The board can still startup sometimes, so I checked the voltage when it can start, and the +15V and -15V is absent. +15V reads 12V which clearly is reverse fed from the 12V rail through the diode. Since +15V is the highest voltage rail, if it cannot boot, then nothing will start.
I fed +-15V into the board and it can start reliably, indicating no further issue. I also removed the +-15V modules (one for +15 and one for -15) and checked them off-board, they are all dead.
To fix this issue, I ordered 2 DATEL module that has same part number (same as the Murata ones used on the board, DATEL had been acquired by Murata but has since bought itself out again).
Once the modules arrived, I soldered them on, and the power backplane can now work.
Fix the Computer
Next problem is to fix the computer. It’s also possible to just swap it out for another one, but I don’t have one on hand. The issue is caused by dried-out capacitors in the CPU VRM area. These are easily fixable, just replace the capacitors.
While I’m at it, I also replaced the heatsink and fan, and applied new thermal grease (putty actually, didn’t have grease on hand at that time).
Now that the computer is fixed, it’s time to focus on the software side. I restored the operating system from Acronis, and installed the Deployment Package from Tektronix (it can be downloaded from the DPO7000 product page).
After install, everything checks out, self-test passed, the SPC has passed, all channels work.
Fix Clock PLL circuit
After I reassembled everything, I ran the scope for 24 hours. Then another problem emerged, the scope threw a code for reference clock loss of lock. I confirmed this by using a frequency counter to check the 10M ref out of the scope. It reads 10.00155M which is way off. So I had to tear open the bottom part to reveal the ADC board.
In this photo the clock part is located at the top center part, consisting of a 10M TCXO and a 100M VCXO. A PLL chip locks the VCXO to the reference (either built-in TCXO or external ref in). The SMT TCXO is a factory job, not repair.
As can be seen, this part of circuit is pretty complex involving all kinds of logic circuit, including ECL, CMOS and TTL, gates, buffers, dividers and muxes.
At first the clock circuit cannot lock, the PLL control voltage will go up to maximum as soon as it powers on. But if I replace the TCXO with a AWG and bring the frequency first to match the PLL output voltage and bring it down slowly, it can actually lock at 10MHz.
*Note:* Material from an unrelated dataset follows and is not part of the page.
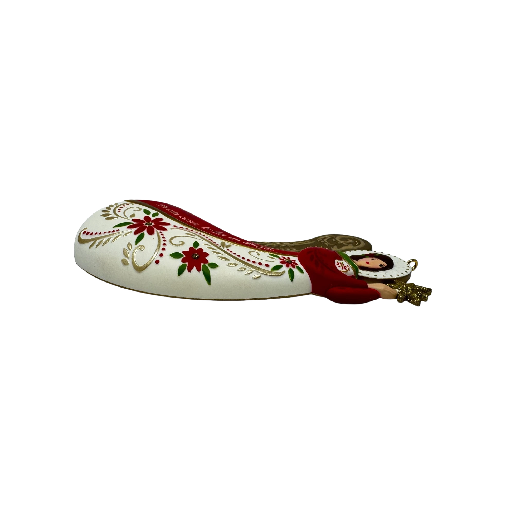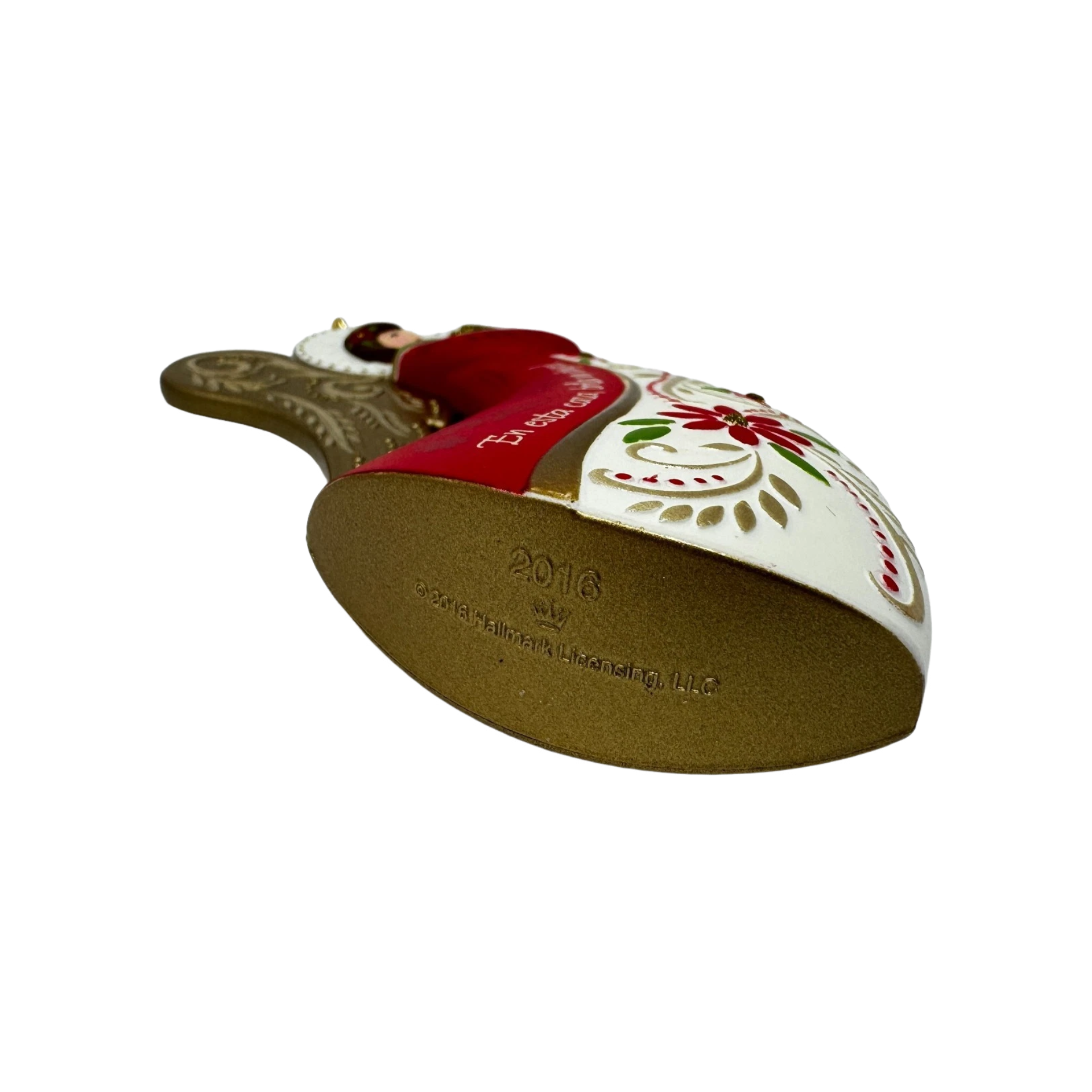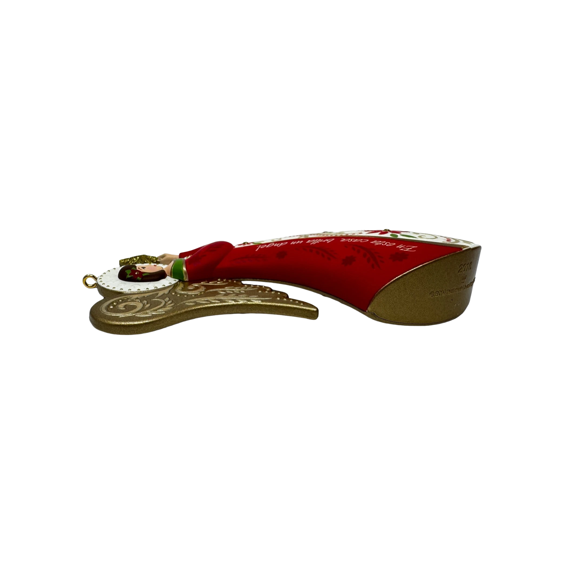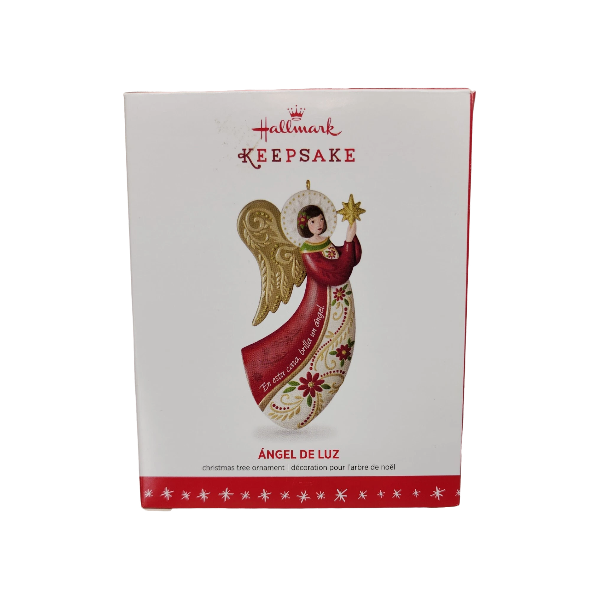 The 2016 Angel De Luz Hallmark ornament is a beautifully sculpted angel dressed in flowing robes with delicate filigree-style wings and soft metallic accents. Her serene expression and hands gently raised in blessing symbolize peace, hope, and the light of the season. This elegant piece often appeals to collectors of angel ornaments and spiritual décor. It typically comes packaged in its original Hallmark Keepsake box and does not require any batteries, cords, or accessories.

After a few days though it stopped to lock at all.
I caught the moment the PLL chip lost lock on scope. The magenta trace is the PLL control voltage output. The signals are there, but the PLL chip does not recognize it.
The issue is simple, the factory hand-soldered resistor-capacitor tombstone that has failed. It seem to be failing under high temperature. It took me a very long time and some reverse engineering to located the issue though. I replaced the resistor-capacitor with new ones.
Finishing up
For the last part I cleaned the rotary encoders on the panel board. Just blasted them with contact cleaner and the work very well now.
I also swapped the fan tray from another DPO70404 which is soon to be scrapped. The one that is currently on this scope has 2 fans failed. I wonder if this has been the cause of all these issues.